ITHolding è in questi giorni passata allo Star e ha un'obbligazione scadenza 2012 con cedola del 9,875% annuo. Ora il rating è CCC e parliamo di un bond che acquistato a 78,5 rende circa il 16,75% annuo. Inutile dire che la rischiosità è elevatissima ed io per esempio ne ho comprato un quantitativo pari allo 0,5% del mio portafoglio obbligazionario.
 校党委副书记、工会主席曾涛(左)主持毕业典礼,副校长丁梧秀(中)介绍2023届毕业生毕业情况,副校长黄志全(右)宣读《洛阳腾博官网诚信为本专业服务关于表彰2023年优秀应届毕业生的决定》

※ ※ ※

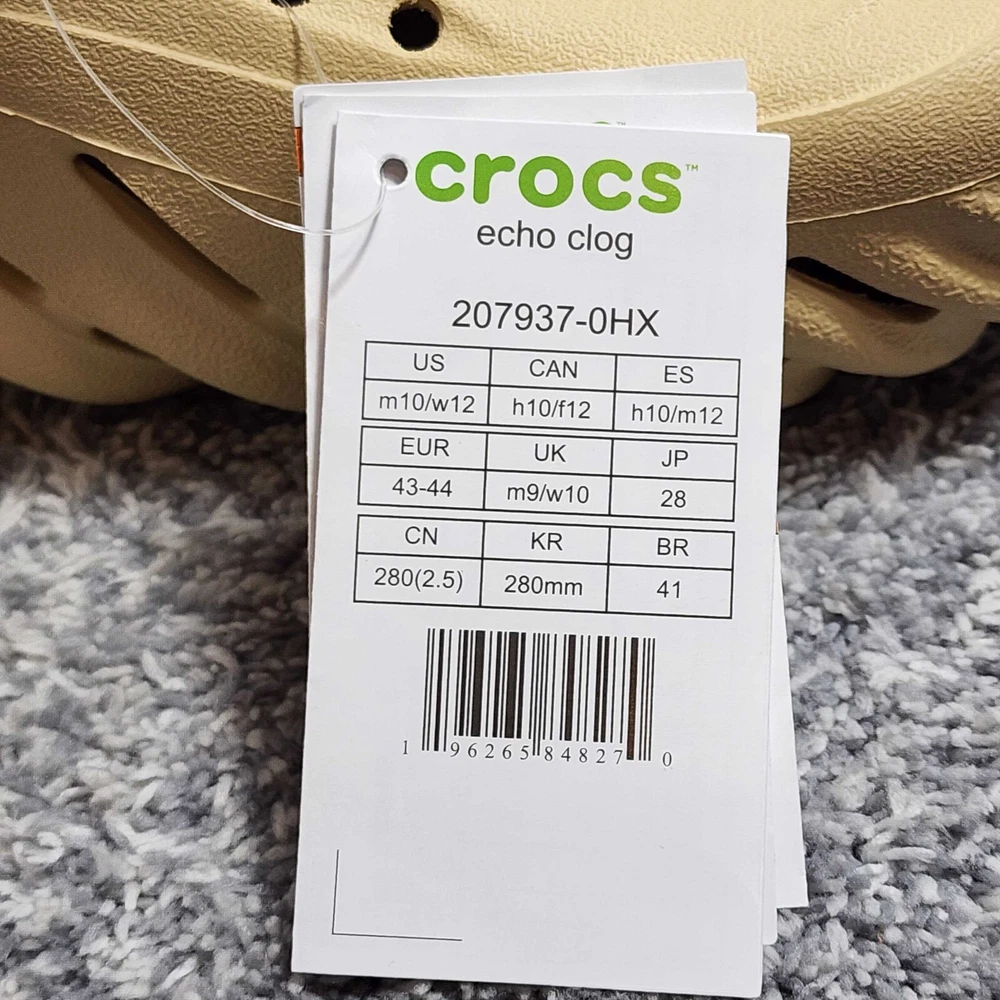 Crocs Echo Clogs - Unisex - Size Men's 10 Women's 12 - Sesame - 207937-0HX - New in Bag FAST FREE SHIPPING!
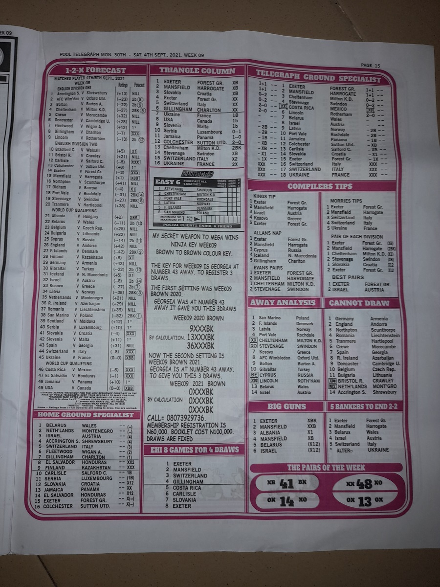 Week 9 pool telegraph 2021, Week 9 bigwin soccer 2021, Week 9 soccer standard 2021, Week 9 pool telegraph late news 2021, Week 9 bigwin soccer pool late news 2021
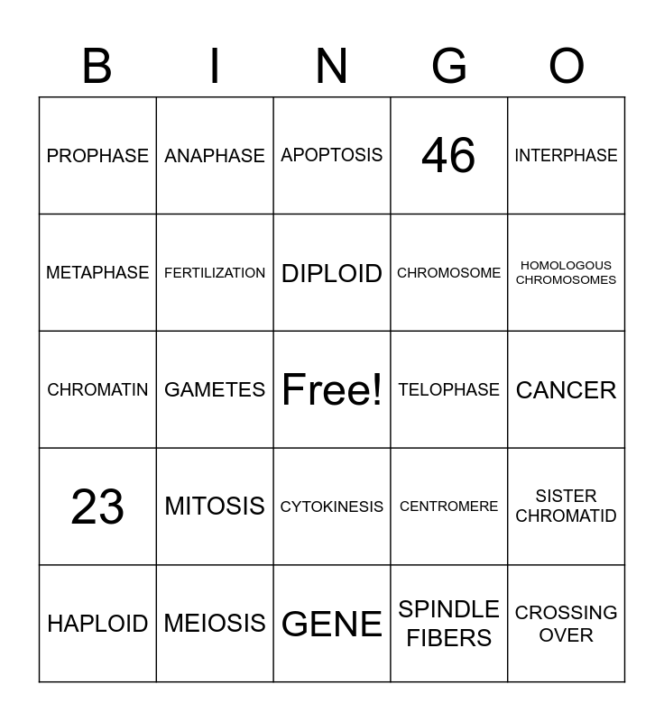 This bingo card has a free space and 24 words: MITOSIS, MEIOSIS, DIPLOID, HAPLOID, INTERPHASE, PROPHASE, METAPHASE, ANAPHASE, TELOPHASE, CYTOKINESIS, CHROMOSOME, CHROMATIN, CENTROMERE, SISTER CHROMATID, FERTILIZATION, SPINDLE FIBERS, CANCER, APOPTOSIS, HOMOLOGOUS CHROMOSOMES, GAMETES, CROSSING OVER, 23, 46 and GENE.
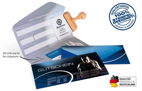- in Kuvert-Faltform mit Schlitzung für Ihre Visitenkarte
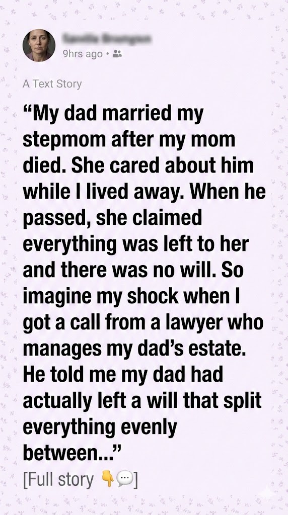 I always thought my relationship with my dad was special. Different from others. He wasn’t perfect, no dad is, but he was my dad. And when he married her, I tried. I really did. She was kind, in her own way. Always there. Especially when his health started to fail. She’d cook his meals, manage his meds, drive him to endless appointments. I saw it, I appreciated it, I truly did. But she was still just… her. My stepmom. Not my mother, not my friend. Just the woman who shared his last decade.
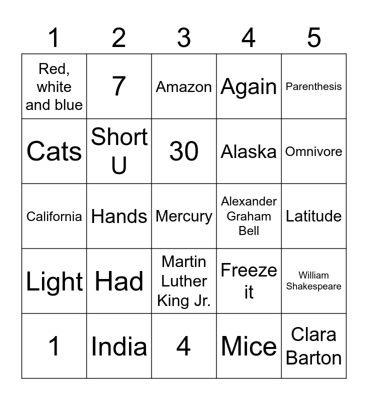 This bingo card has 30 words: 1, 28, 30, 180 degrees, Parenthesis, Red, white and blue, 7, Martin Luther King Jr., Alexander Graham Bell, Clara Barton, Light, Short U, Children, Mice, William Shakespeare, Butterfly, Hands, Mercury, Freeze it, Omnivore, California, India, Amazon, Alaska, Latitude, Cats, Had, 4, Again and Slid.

※ ※ ※

Within the listing above, find the line containing "- in Kuvert-Faltform" and the line containing "This bingo card has 30". Transcribe them and everything between them exactly, leaving out the pictures.

- in Kuvert-Faltform mit Schlitzung für Ihre Visitenkarte
 I always thought my relationship with my dad was special. Different from others. He wasn’t perfect, no dad is, but he was my dad. And when he married her, I tried. I really did. She was kind, in her own way. Always there. Especially when his health started to fail. She’d cook his meals, manage his meds, drive him to endless appointments. I saw it, I appreciated it, I truly did. But she was still just… her. My stepmom. Not my mother, not my friend. Just the woman who shared his last decade.
 This bingo card has 30 words: 1, 28, 30, 180 degrees, Parenthesis, Red, white and blue, 7, Martin Luther King Jr., Alexander Graham Bell, Clara Barton, Light, Short U, Children, Mice, William Shakespeare, Butterfly, Hands, Mercury, Freeze it, Omnivore, California, India, Amazon, Alaska, Latitude, Cats, Had, 4, Again and Slid.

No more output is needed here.